Everything from the line holding "Дом-треугольник имеет площадь" through the last line of the data, and nothing else, should be retyped exactly, with no pictures.

**Provided material**
++++++++++++++++++++
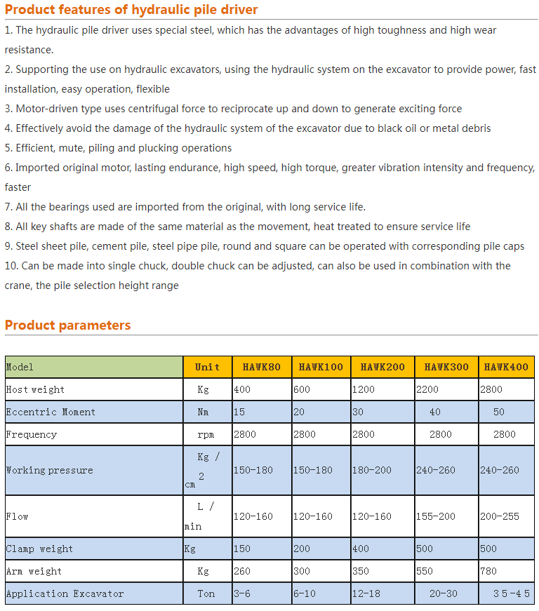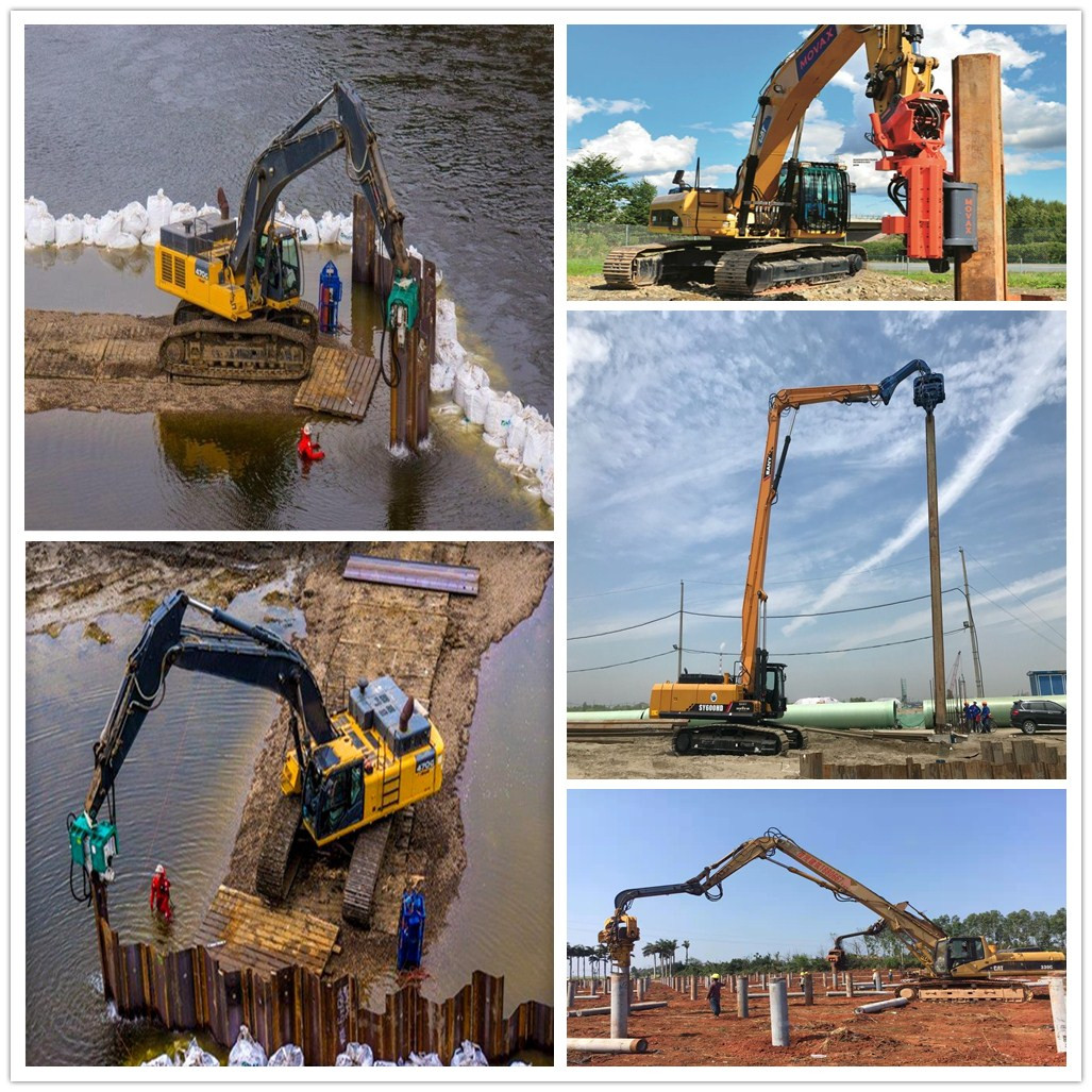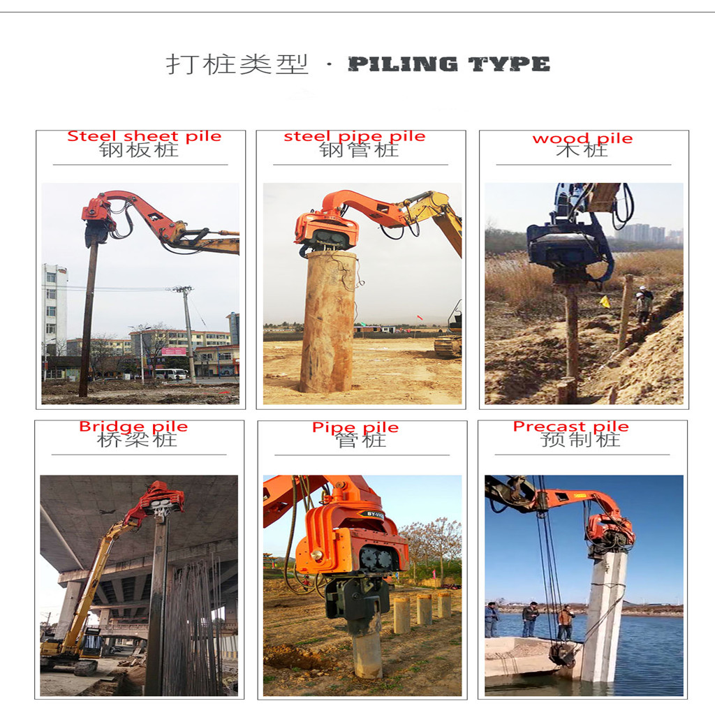 Can be used with all kinds of models of excavator is suitable for large diameter deep foundation pit engineering, large tube pile construction and large steel liners construction engineering, the soft foundation and rotating drill with construction engineering, high speed railway subgrade construction project and foundation, the sea reclamation project and the management of sand pile construction, municipal construction projects, and pipeline construction, sewage treatment and supporting soil retaining engineering, Mainly used in flood control, dam, pipe, earthwork, soil wall slope surface and other occasions. Drive or pull a variety of materials and shapes of the pile, such as steel pile, cement pile, rail pile, iron plate, H plate, drain pipe.
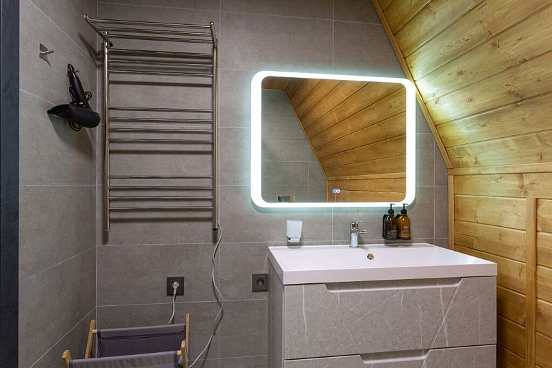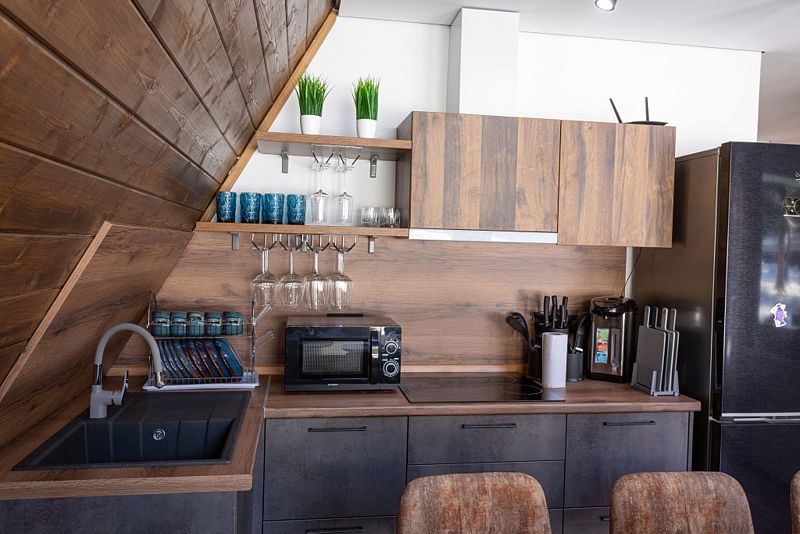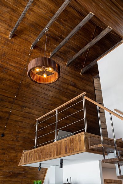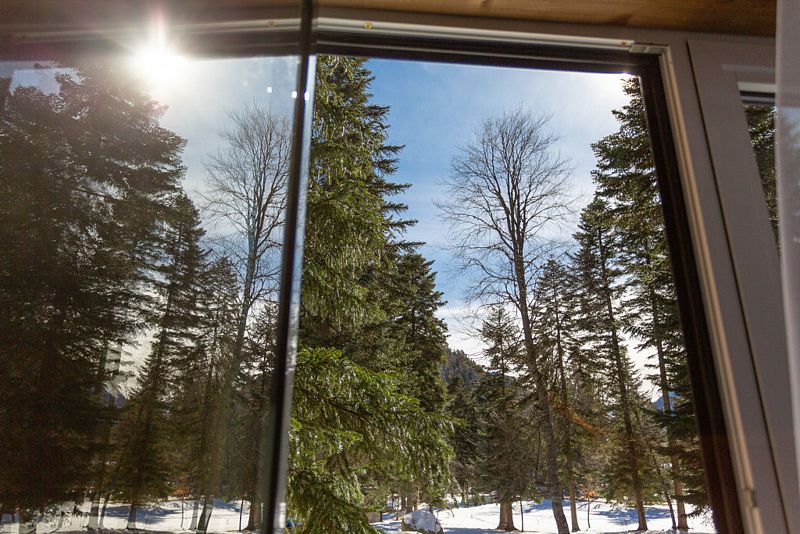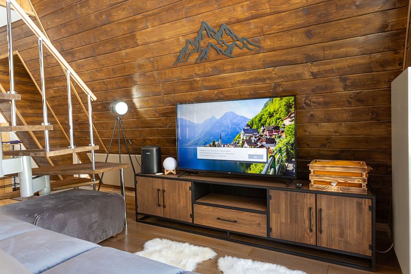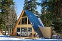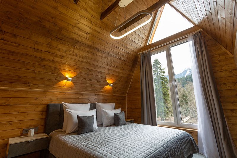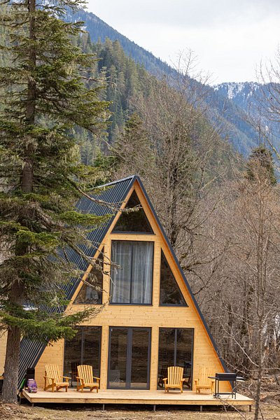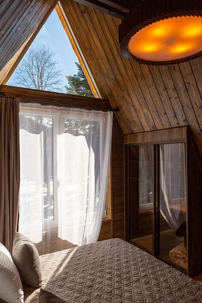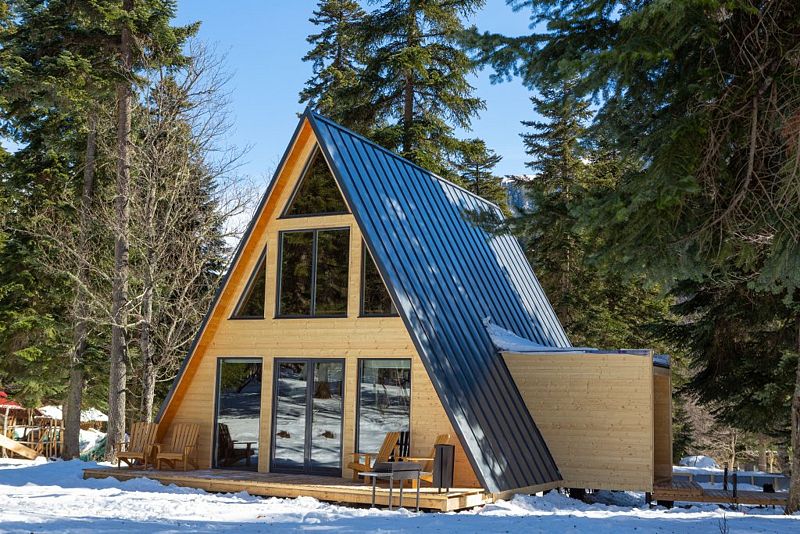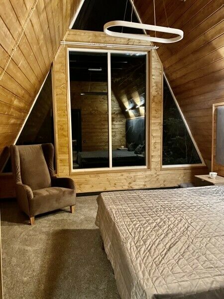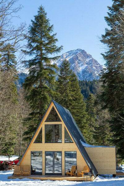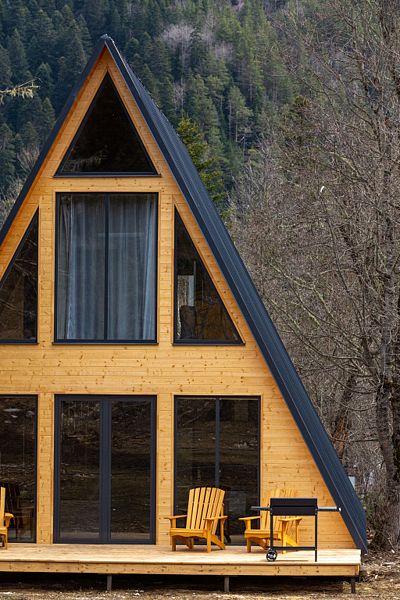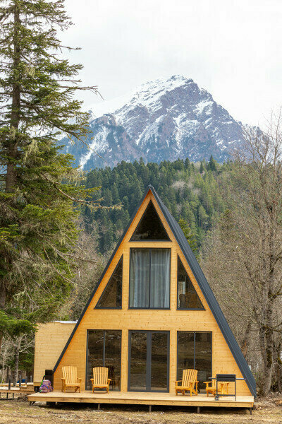 Дом-треугольник имеет площадь 140 кв.м., панорамный вид на лес и горы и 2 этажа.
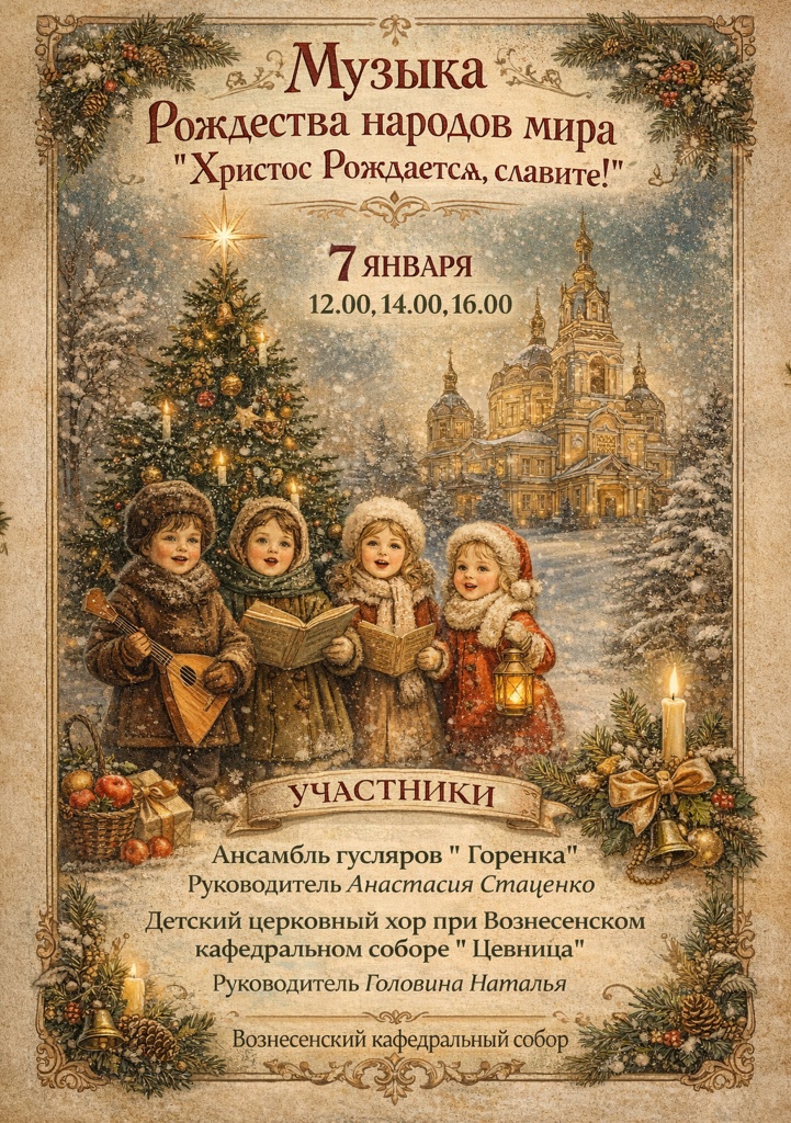 7 января 2026 года Вознесенский кафедральный собор приглашает горожан и гостей города на концерты, посвященные Рождеству Христову.
++++++++++++++++++++
**Solved problem**
 Дом-треугольник имеет площадь 140 кв.м., панорамный вид на лес и горы и 2 этажа.
 7 января 2026 года Вознесенский кафедральный собор приглашает горожан и гостей города на концерты, посвященные Рождеству Христову.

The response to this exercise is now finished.